* **Task prompt**
Transcribe exactly each line of the entries, from the opening line to the line with "júbilo al conocerlo.", with both of those lines included.

————————

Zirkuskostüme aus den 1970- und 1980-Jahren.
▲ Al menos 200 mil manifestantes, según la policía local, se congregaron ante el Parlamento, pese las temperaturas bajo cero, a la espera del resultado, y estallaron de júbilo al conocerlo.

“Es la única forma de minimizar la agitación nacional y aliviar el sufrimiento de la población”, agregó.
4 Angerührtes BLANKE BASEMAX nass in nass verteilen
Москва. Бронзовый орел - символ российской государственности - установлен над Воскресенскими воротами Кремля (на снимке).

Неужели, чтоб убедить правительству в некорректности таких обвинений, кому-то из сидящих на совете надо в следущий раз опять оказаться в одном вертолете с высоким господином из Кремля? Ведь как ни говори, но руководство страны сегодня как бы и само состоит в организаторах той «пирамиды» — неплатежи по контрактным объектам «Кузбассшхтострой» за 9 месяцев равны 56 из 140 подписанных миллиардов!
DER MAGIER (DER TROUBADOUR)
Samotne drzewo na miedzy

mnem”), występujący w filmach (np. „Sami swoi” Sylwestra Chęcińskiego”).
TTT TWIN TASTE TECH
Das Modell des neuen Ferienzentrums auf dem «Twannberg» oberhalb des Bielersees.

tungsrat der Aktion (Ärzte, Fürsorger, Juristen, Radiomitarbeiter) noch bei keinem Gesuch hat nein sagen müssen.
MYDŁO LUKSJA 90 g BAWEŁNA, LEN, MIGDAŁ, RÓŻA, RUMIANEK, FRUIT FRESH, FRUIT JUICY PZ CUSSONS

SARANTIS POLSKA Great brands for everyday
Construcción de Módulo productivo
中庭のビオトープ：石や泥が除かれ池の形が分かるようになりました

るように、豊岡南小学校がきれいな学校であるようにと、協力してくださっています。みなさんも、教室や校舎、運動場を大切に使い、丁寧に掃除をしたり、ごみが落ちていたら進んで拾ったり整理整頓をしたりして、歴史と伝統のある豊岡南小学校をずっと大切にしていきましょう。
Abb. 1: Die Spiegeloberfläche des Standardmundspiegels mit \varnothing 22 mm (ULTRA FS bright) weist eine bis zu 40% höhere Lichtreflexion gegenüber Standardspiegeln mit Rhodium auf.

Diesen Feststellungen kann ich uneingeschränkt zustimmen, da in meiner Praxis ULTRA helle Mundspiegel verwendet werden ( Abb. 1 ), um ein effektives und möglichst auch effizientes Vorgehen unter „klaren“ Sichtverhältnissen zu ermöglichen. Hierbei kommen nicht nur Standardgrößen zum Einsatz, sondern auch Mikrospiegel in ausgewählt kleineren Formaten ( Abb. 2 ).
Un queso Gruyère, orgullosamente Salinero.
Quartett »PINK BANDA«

————————

* **Expected output**
Zirkuskostüme aus den 1970- und 1980-Jahren.
▲ Al menos 200 mil manifestantes, según la policía local, se congregaron ante el Parlamento, pese las temperaturas bajo cero, a la espera del resultado, y estallaron de júbilo al conocerlo.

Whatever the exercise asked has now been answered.